→ **WORK TASK**:
Print, exactly as they appear in the listing below, the lines from the line with "Waterfall Sunset Frame TV Art, a" to the line with "メルカリ事務局からの回答は、", with both end lines kept.

→ **DATA FOR ANALYSIS**:
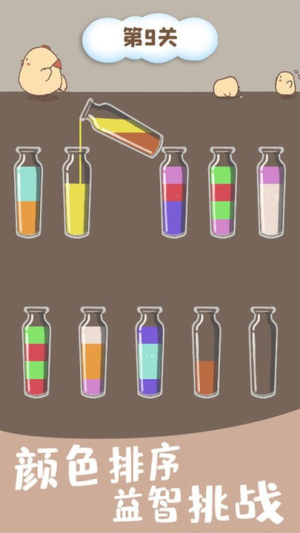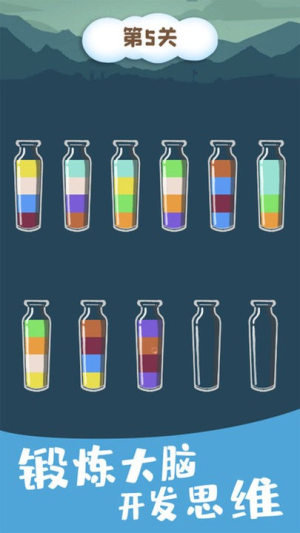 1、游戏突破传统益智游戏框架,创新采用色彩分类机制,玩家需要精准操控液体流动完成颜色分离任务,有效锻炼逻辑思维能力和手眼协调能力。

==

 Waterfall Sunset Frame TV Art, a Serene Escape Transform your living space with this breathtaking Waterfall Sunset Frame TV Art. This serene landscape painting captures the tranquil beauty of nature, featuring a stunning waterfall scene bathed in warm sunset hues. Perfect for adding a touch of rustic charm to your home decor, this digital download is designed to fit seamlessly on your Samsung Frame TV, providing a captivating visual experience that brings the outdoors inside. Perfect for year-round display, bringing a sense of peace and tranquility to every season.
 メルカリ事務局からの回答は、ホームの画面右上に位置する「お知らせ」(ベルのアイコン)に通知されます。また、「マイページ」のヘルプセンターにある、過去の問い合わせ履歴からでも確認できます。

→ **ANSWER AREA**:
 Waterfall Sunset Frame TV Art, a Serene Escape Transform your living space with this breathtaking Waterfall Sunset Frame TV Art. This serene landscape painting captures the tranquil beauty of nature, featuring a stunning waterfall scene bathed in warm sunset hues. Perfect for adding a touch of rustic charm to your home decor, this digital download is designed to fit seamlessly on your Samsung Frame TV, providing a captivating visual experience that brings the outdoors inside. Perfect for year-round display, bringing a sense of peace and tranquility to every season.
 メルカリ事務局からの回答は、ホームの画面右上に位置する「お知らせ」(ベルのアイコン)に通知されます。また、「マイページ」のヘルプセンターにある、過去の問い合わせ履歴からでも確認できます。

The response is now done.